= Hyla Willis =

American artist and educator

Hyla Willis is an American artist. She is a founding member of subRosa, a feminist art collective and teaches media arts at Robert Morris University. In her work and teaching, Willis uses the cultural and political economies of graphic design, creative experimentation, and acoustic ecology.

==Early life and education==
Willis was born in Yuba City, California, and lived in Northern California and Seattle, Washington for many years. She received her MFA from Carnegie Mellon University, her BFA from Cornish College of the Arts.

==Career==
Willis has exhibited, performed and held workshops in Europe, Asia, Australia and throughout North America. Along with Faith Wilding, Willis has been a core member of subRosa. While subRosa started with a feminist critique of art and marketing it's performative and transdisciplinary practice has expanded to include biotech and bio-political feminist issues. In 2002, they won a Creative Capital grant in Emerging Fields.
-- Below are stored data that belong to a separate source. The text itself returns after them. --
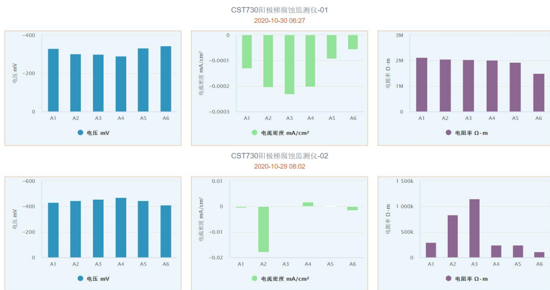
图 5. 阳极梯监测的钢筋自腐蚀电位、钢筋阻抗和电偶电流监测数据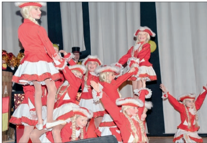
Mit dabei war auch die junge Funkengarde des Clubs.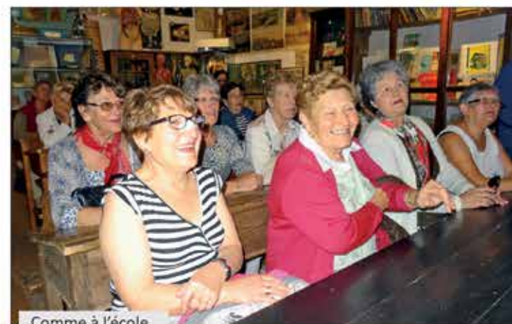
Comme à l'école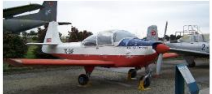
Slat 223 Flamingo (1969- )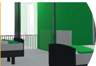
Groepskamer (tweepersoonskamers schakelbaar tot 8p)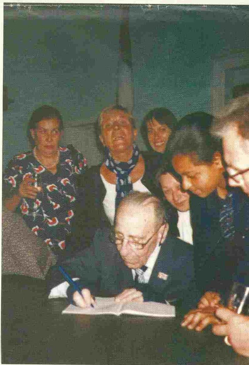
Richieste di autografi alla Casa degli Italiani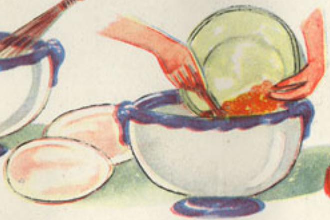
vertido del picado sobre la mayonesa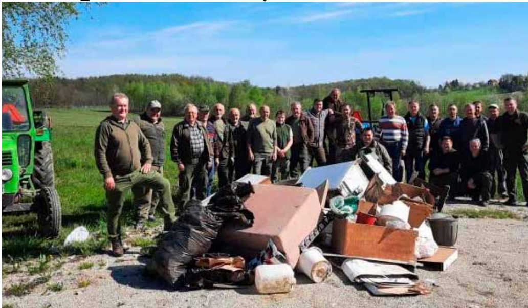
Članovi LD-a Jelen ponovno izvlačili otpad iz šuma oko lovačkog doma

HPD IVANČICA Dvodnevna eko akcija na Ivančici, planinari poručuju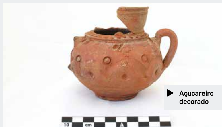
▶ Açucareiro decorado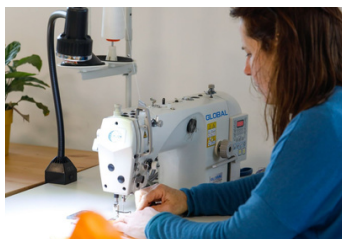
Machine à coudre piqueuse double entraînement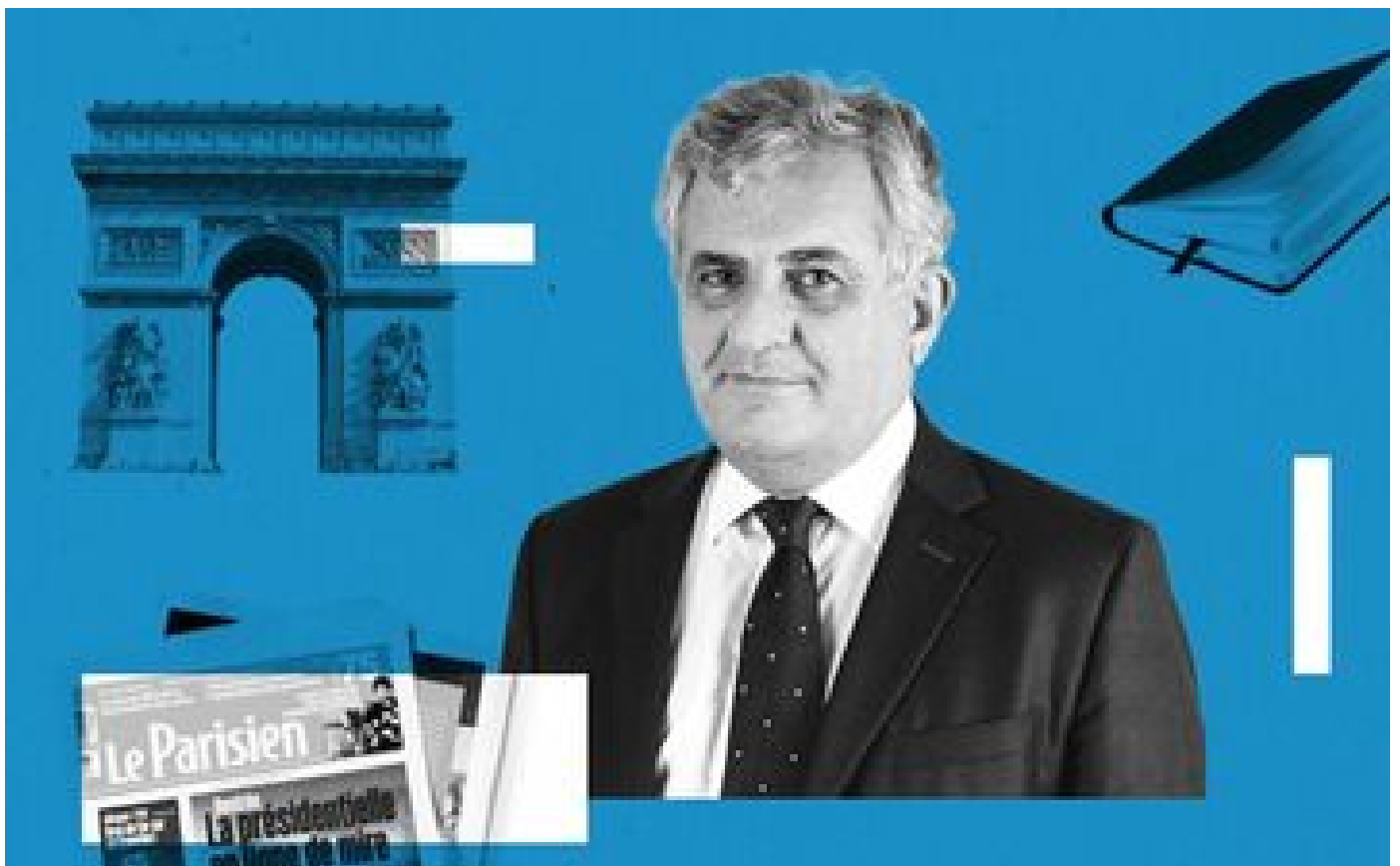
Abonnés Match à trois

In 2014, Willis was named Artist of the Year by Pittsburgh Center for the Arts. Her show, titled “America’s Least Livable City and Other Works" referenced the famous ranking in 1985 when Pittsburgh was named America’s most livable city by Rand McNally, while her hometown, Yuba City, Calif., was ranked least livable city on the same list. In 2014, she was a participant in Sites of Passage: Borders, Walls & Citizenship, a cultural exchange between artists from Israel, Palestine and the U.S.